Dal 30 ottobre al 4 novembre, va in scena, al Teatro Studio Melato, Avevo un bel pallone rosso. Dopo essere stato applaudito in Francia, Svizzera, Lussemburgo e Belgio per quattro stagioni (dal 2012 al 2016 per la regia di Michel Dydim, con Richard Bohringer e Romane Bohringer) il testo di Angela Dematté torna in Italia in occasione del cinquantesimo anniversario del 1968, in una nuova edizione prodotta da LuganoInScena, con la regia di Carmelo Rifici.

“Avevo un bel pallone rosso e blu, ch’era la gioia e la delizia mia. S’è rotto il filo e m’è scappato via, in alto, in alto, su sempre più su. Son fortunati in cielo i bimbi buoni, volan tutti lassù quei bei palloni”: così scriveva la piccola Margherita nei suoi quaderni d’infanzia. Una filastrocca che è quasi un’inquietante allegoria di quello che sarà il destino della sua vita.

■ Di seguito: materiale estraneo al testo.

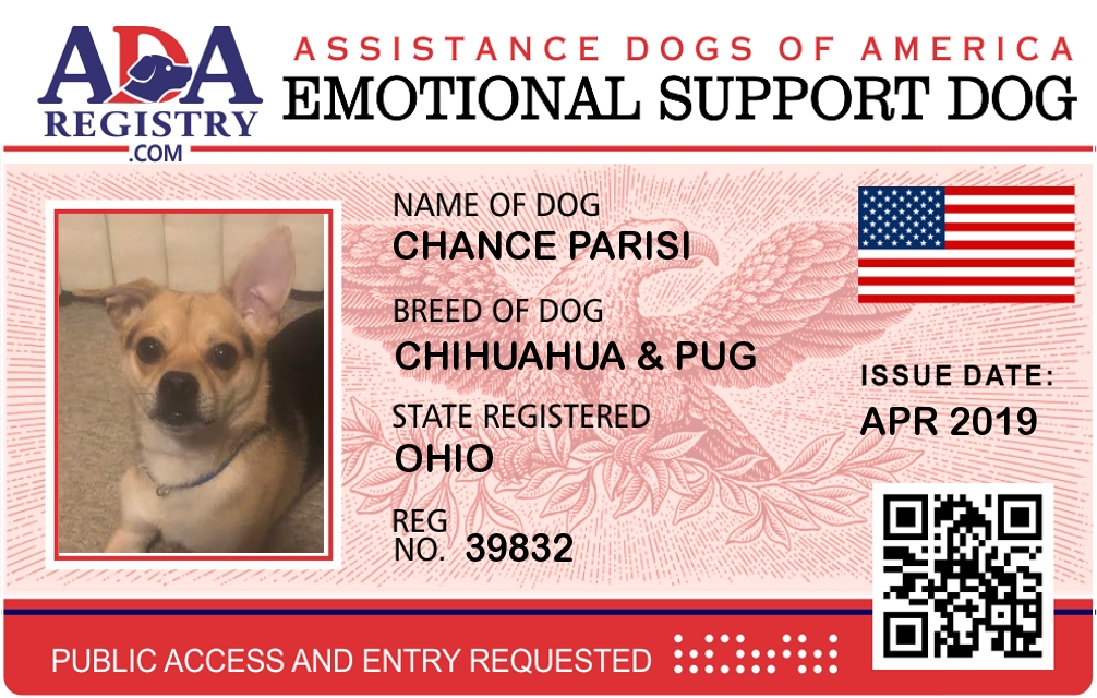 Emotional Support Dog Registration for Chance Parisi
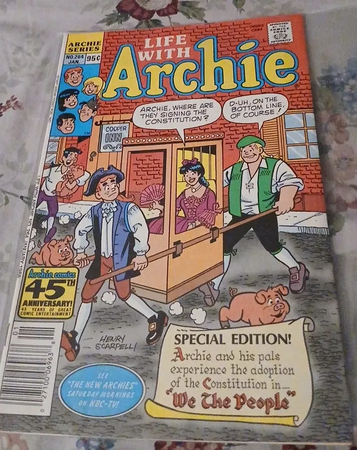 This is a special edition of Life with Archie comic book #264, published in January 1988. It features Archie and his pals experiencing the adoption of the Constitution. The cover art is by Henry Scarpell.

Questa bambina sarà da tutti conosciuta con il nome di battaglia “Mara”.

Attraverso i dialoghi tra Margherita e suo padre, si racconta la vicenda di una ragazza cattolica nata in una città di montagna, poi diventata una delle fondatrici delle Brigate Rosse. Soprattutto, si delinea il rapporto concreto e drammatico tra un padre e una figlia, segnato da un affetto profondo, nel quale tuttavia la storia e le scelte personali scaveranno un solco terribile.

Carmelo Rifici, dopo sette anni dal suo debutto, torna a questo testo dove tutto, dai dialoghi ai silenzi, conduce lo spettatore nelle atmosfere degli anni di piombo, attraverso un’indagine lucida e dolorosa dei rapporti familiari.

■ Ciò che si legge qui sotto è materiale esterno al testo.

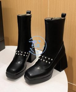 秋冬ブーティーレディース ショートブーツ白黒 厚底 9cmヒール太めヒールブーティー 靴ショートブーツ大きいサイズパンプス歩きやすいショートブーツ内ボア
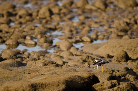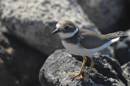 Closeup of Semipalmated Plover shorebird walking on rocks at low tide
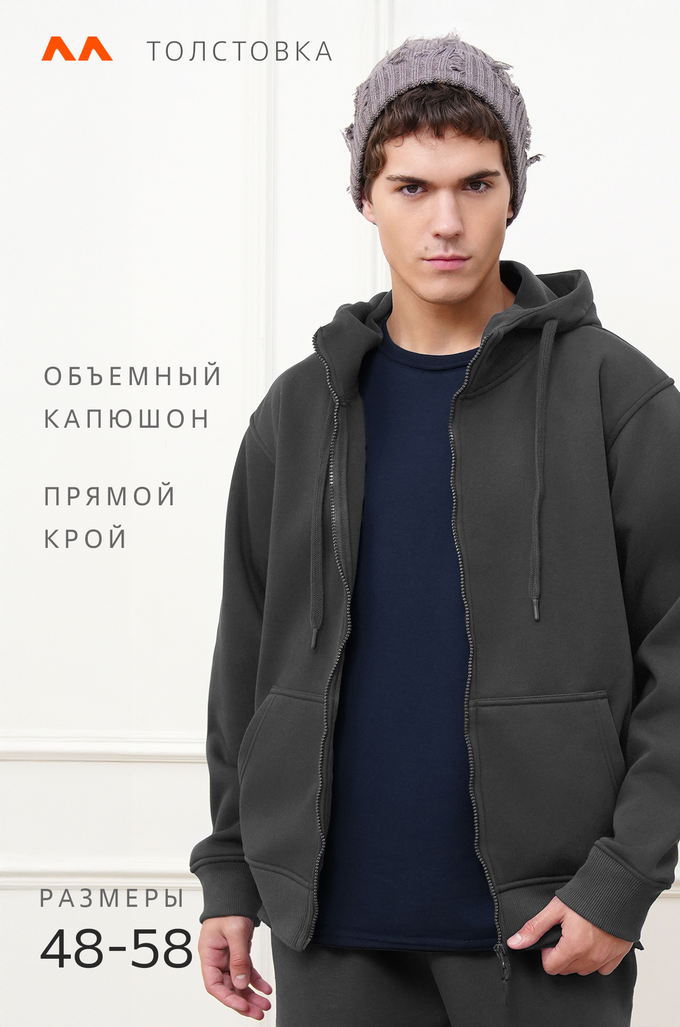 — толстовка на молнии с капюшоном надежно согревает и дарит комфорт в холодное время года;

Lo spettacolo è costruito su uno spazio scenico semplice ma necessario per lo sviluppo del rapporto tra Margherita e suo padre, tutto lo spettacolo in realtà tende esclusivamente a muoversi tra le maglie di questo rapporto. Il testo di Angela Demattè sembra voler esemplificare la vicenda umana di Mara Cagol, dai suoi studi universitari di sociologia a Trento alla sua tragica morte, avvenuta il 5 giugno 1975 nel corso di uno scontro a fuoco coi carabinieri, presso la cascina Spiotta d’Arzello dov’era stato nascosto l’industriale Vittorio Vallarino Gancia, sequestrato il giorno precedente dal nucleo brigatista.

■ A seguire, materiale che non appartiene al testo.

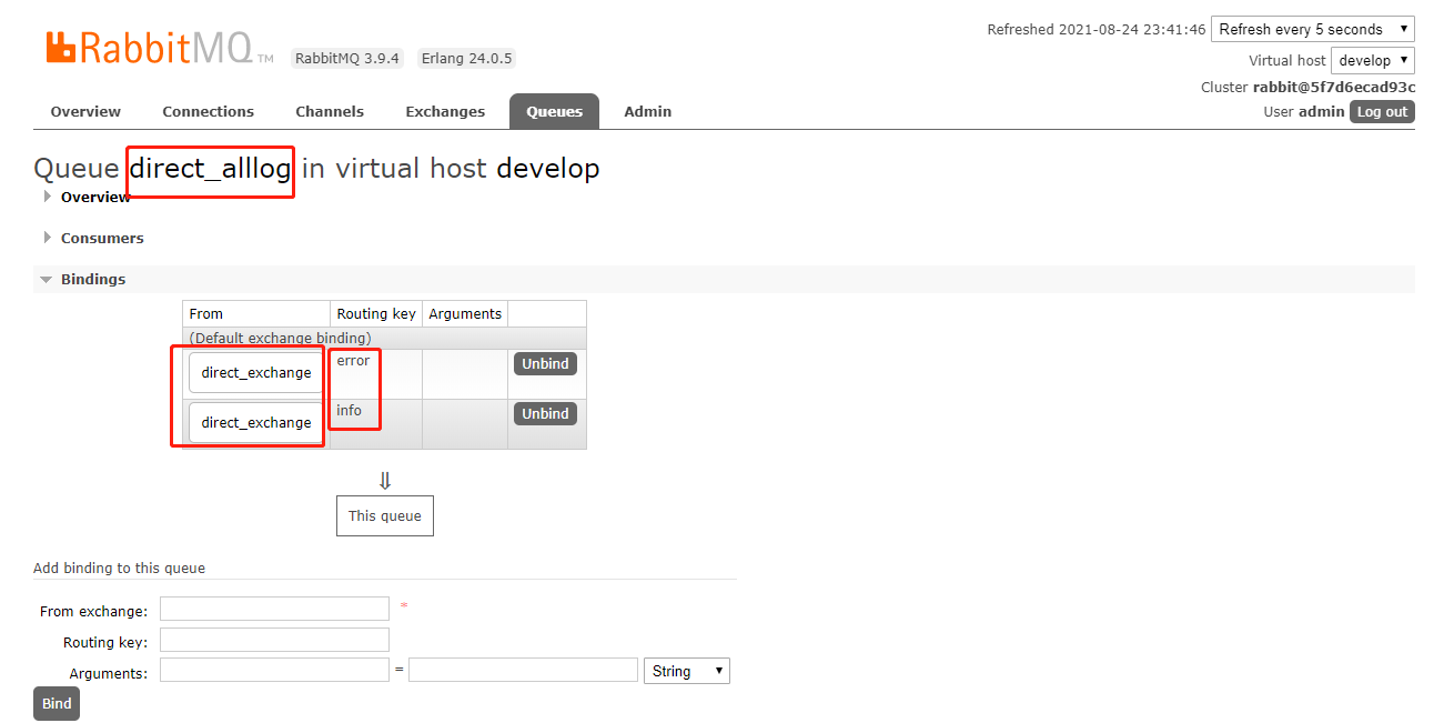 消费者只需要知道队列名就可以消费了,不需要Exchange和routingKey。

In realtà la storia delle BR è un pretesto usato dall’autrice per addentrarsi in un terreno più fecondo e misterioso: quello delle relazioni umane profonde e dell’impossibilità della relazione. Senza dimenticare i luoghi della difficile relazione, Trento e Milano. A Trento Mara è Margherita, figlia e studentessa, a Milano Margherita è Mara, combattente membro del comitato esecutivo delle Brigate Rosse. A Trento Margherita parla in dialetto e si pone di fronte al padre con il dubbioso sentimento di amore e di ribellione, a Milano Mara parla un italiano burocraticamente ideologico e si pone di fronte al padre senza dubbi e con l’assoluto amore verso la causa brigatista. A Trento il padre parla in dialetto e il suo dialogo impossibile con Margherita è basato sull’amore assoluto verso i figli, la famiglia, la religione cattolica e il lavoro, un amore assoluto che rifiuta il relativismo emozionale, rifiuta il personale.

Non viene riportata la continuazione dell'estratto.